Friday, April 20, 2012

Can We Prevent Birth Defects?

This handout photograph released by the National Institute of Child Health (NICH) on April 16, 2012, shows a newly-born child with six legs as he lies in an Intensive Care Unit (ICU) ward at a hospital in Karachi. Doctors in Pakistan are fighting to save the life of a baby boy born with six legs because of a rare genetic condition, hospital officials said.AFP PHOTO/NATIONAL INSTITUTE OF CHILD HEALTH (c/o Yahoo!News)

There are bizarre circumstances in life that are hard to explain and understand like birth defects.

When I have seen in Yahoo News this photo of an infant in Pakistan who has been born with six legs, I have felt a sense of sorrow for his condition. Doctors are currently working to find a way to resolve the infant’s physical abnormality through surgery. I do pray that the doctors succeed with the operation so that the baby may have a chance to lead a normal life.

Well, science explains birth defects as structural or developmental abnormalities that are present at childbirth, which cause certain disability. Genetic disorder, chromosomal imbalance or infections during pregnancy are the possible causes of birth defects.

I’m wondering, is there a way of preventing birth defects?

Birth defect prevention is not an easy process as I have learned from some reading around the internet. Health professionals are still in the process of collecting valuable data to come up with a definite and precise answer to this issue.
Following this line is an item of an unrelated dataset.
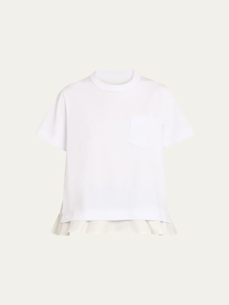 Light nylon twill meets cotton jersey in this hybrid SACAI T-shirt, the airy back and ruffle hem adding lightweight fluid movement Crew neckline Short sleeves Chest patch pocket Box-pleated back yoke A-line fit Pullover style Cotton/nylon/polyamide Dry clean Made in Japan Online Inquiries: BGS21_BAAAV| Store Inquiries: #5067204

However, in the website that I have visited, they have found out some vital information that leads to the prevention of birth defects. Allow me to share it here:

  • Folic acid is a B vitamin. Taking folic acid supplements before getting pregnant and in early pregnancy lowers the risk of having a baby with serious birth defects of the brain and spine (neural tube defects). For this reason, all women who can become pregnant should take supplements containing 400 micrograms of folic acid every day.
  • Drinking alcohol during pregnancy can cause the baby to be born with fetal alcohol spectrum disorders (FASDs). Pregnant women should not drink alcohol any time during pregnancy.
  • Smoking in the month before getting pregnant and throughout pregnancy increases the chance of premature birth, certain birth defects (such as cleft lip, cleft palate, or both), and infant death. Quitting smoking before getting pregnant is best. However, for women who are already pregnant, quitting as early as possible can still help protect against some health problems.
  • Women who are obese when they get pregnant have a higher risk of having a baby with serious birth defects of the brain and spine (neural tube defects) and some heart defects. Helping women to reach a healthy weight before they get pregnant could prevent birth defects.
  • Poor control of diabetes in pregnant women increases the chance for birth defects, and might cause serious complications for the mother, too. If a woman with diabetes keeps her blood sugar well-controlled before and during pregnancy, she can reduce the chance of having a baby with birth defects.
  • Taking certain medications just before or during pregnancy might cause serious birth defects, but the safety of many medications taken by pregnant women has been difficult to determine. If you are pregnant or planning a pregnancy, you should not stop taking medications you need or begin taking new medications without first talking with your doctor. This includes prescription and over-the-counter medications and dietary or herbal products (http://www.cdc.gov/ncbddd/birthdefects/research.html)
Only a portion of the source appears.